#### [RECORDS SUPPLIED]

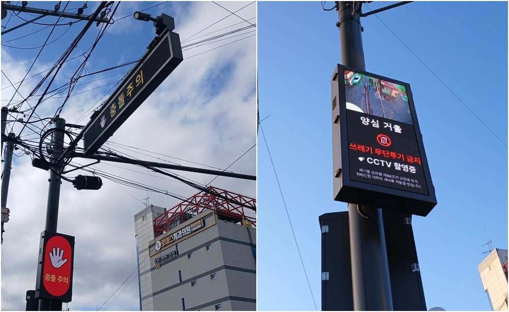 교통 사각지대에는 실시간 전광판을 통해 차량이 접근 중임을 알려주어 교통사고를 예방하는 ‘스마트알리미’가 설치됐다.
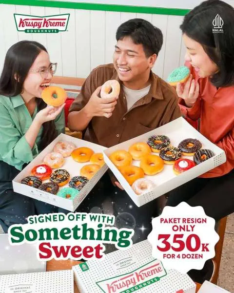 Selain itu, Krispy Kreme juga ada promo Paket Resign yang hemat. Dalam paket ini, Anda bisa mendapatkan empat lusin donat dengan harga spesial.
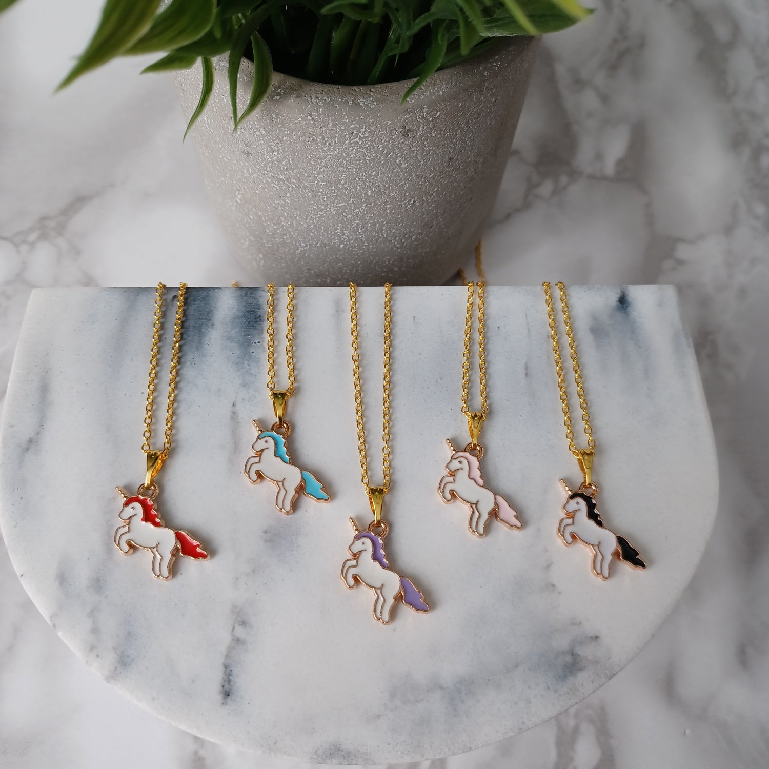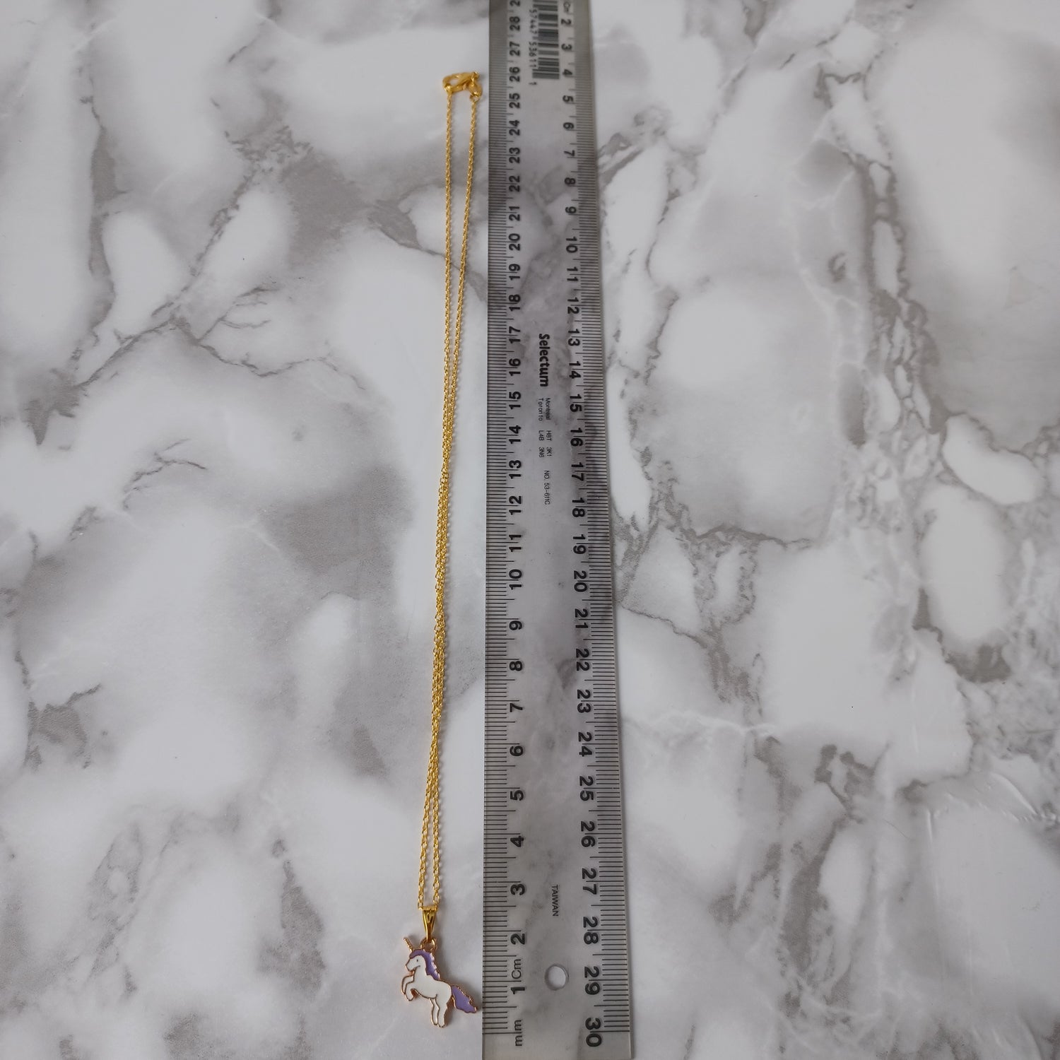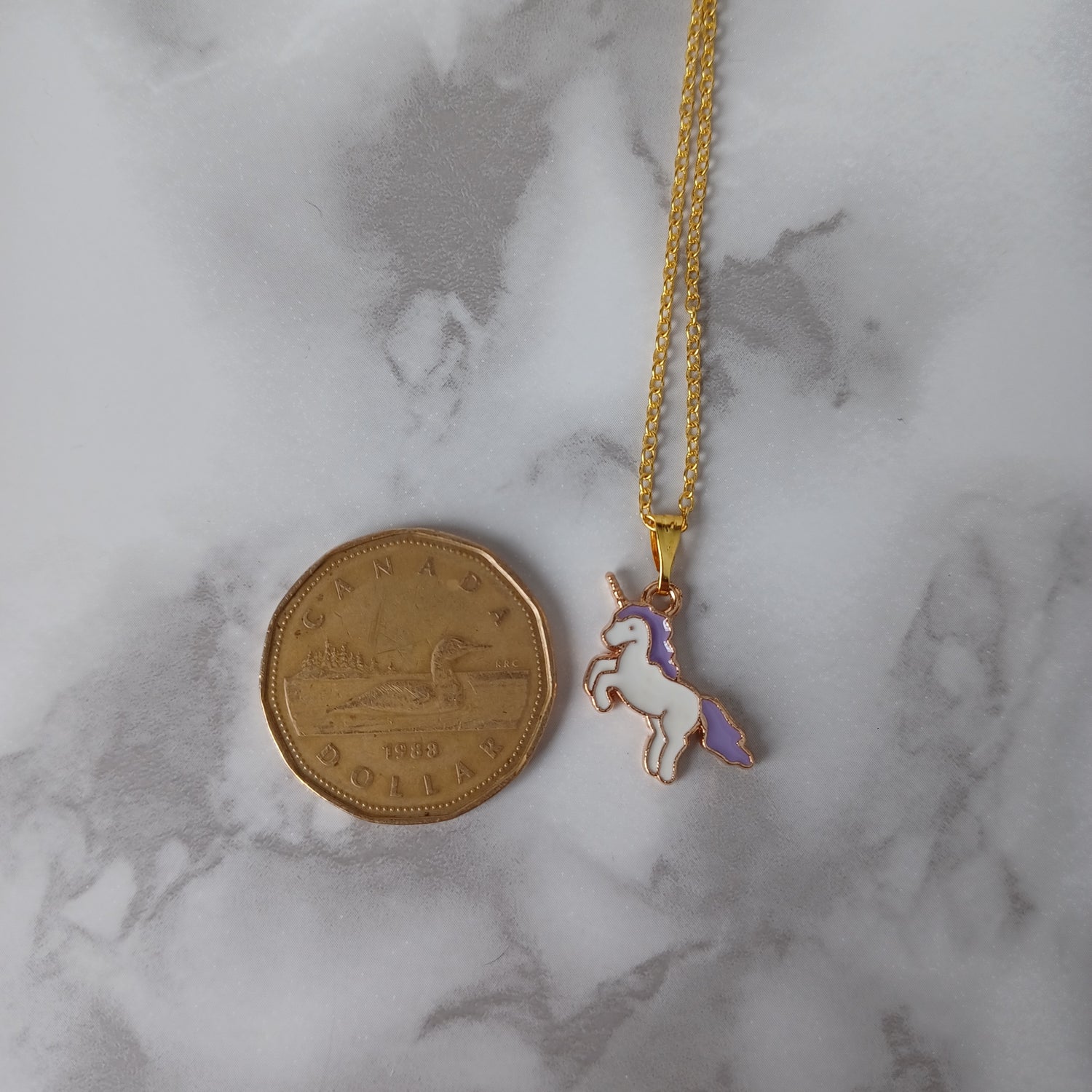 Necklace: Includes a gold color necklace with a unicorn shaped alloy charm. Chain of 45.7 cm long (excluding charm) and 1.2 mm wide.
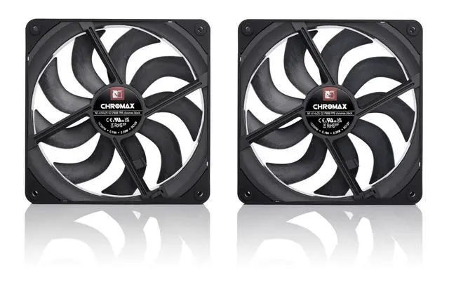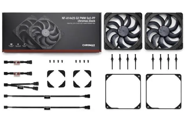 Dedicated dual fan set with two NF-A14x25 G2 PWM 140x25mm fans that are slightly off-set in speed (+/- ~25rpm) in order to avoid undesired acoustic interaction phenomena ^^ State-of-the-art engineering (Progressive-Bend impeller with winglets and Centrifugal Turbulator, Flow Acceleration Channels, AAO frame) and construction (Sterrox LCP, ultra-tight tip clearance) ^^ Ideal choice for push-pull applications as well as situations where two fans are operating side by side (280mm water cooling radiators, case intake or exhaust fans, etc. ) ^^ All-black chromax version with black anti-vibration mounts, 14cm anti-vibration gaskets for tighter seal on radiators, fan screws, Low-Noise Adaptors (L.
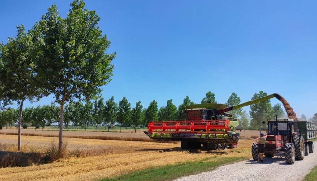 Picture of the Master degree thesis cover of Simone Piotto taken at the “Sasse Rami” pilot farm of Veneto Agricoltura, located in Ceregnano (Rovigo, NE Italy): Mechanical harvest of common wheat in the alley-cropping system with 4 years old poplar trees.
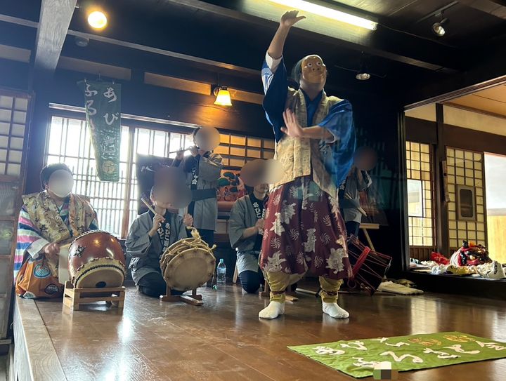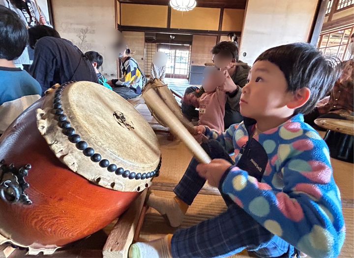 江戸時代に建てられた住宅で昔の雰囲気を味わいながら、地域の子どもたちと和太鼓の演奏やひょっとこ踊りを体験してきました。(許可をもらって撮影しております。)
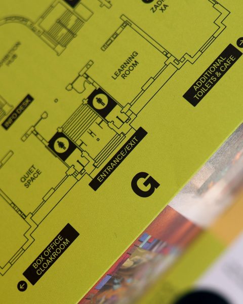 While the idea of fragmented layers and gaps was later translated into digital 3D graphics (in collaboration with artist Joseph Töreki), Rabbithole’s core focus was on making layering and cut-outs as physical and tangible as possible across applications. Die-cut holes in the exhibition brochure reveal glimpses through multiple folded layers. Information boards overlap wall text. A Timeline wall display is constructed from multiple stacked components, rather than a single flat graphic.
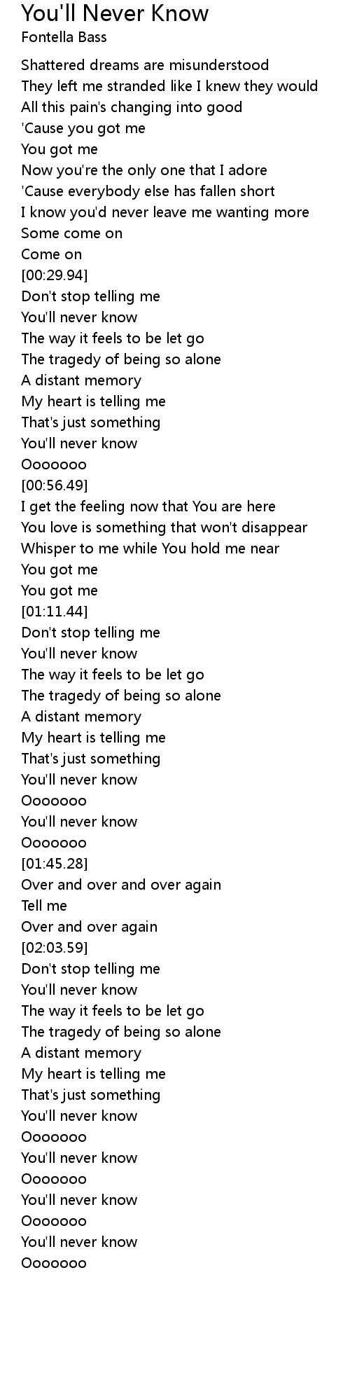 You'll never know |

#### [ASSIGNED TASK]
Exactly reproduce the run of lines from the start of the listing through the line with "Selain itu, Krispy", inclusive; pictures are not copied.

#### [COMPLETED EXERCISE]
 교통 사각지대에는 실시간 전광판을 통해 차량이 접근 중임을 알려주어 교통사고를 예방하는 ‘스마트알리미’가 설치됐다.
 Selain itu, Krispy Kreme juga ada promo Paket Resign yang hemat. Dalam paket ini, Anda bisa mendapatkan empat lusin donat dengan harga spesial.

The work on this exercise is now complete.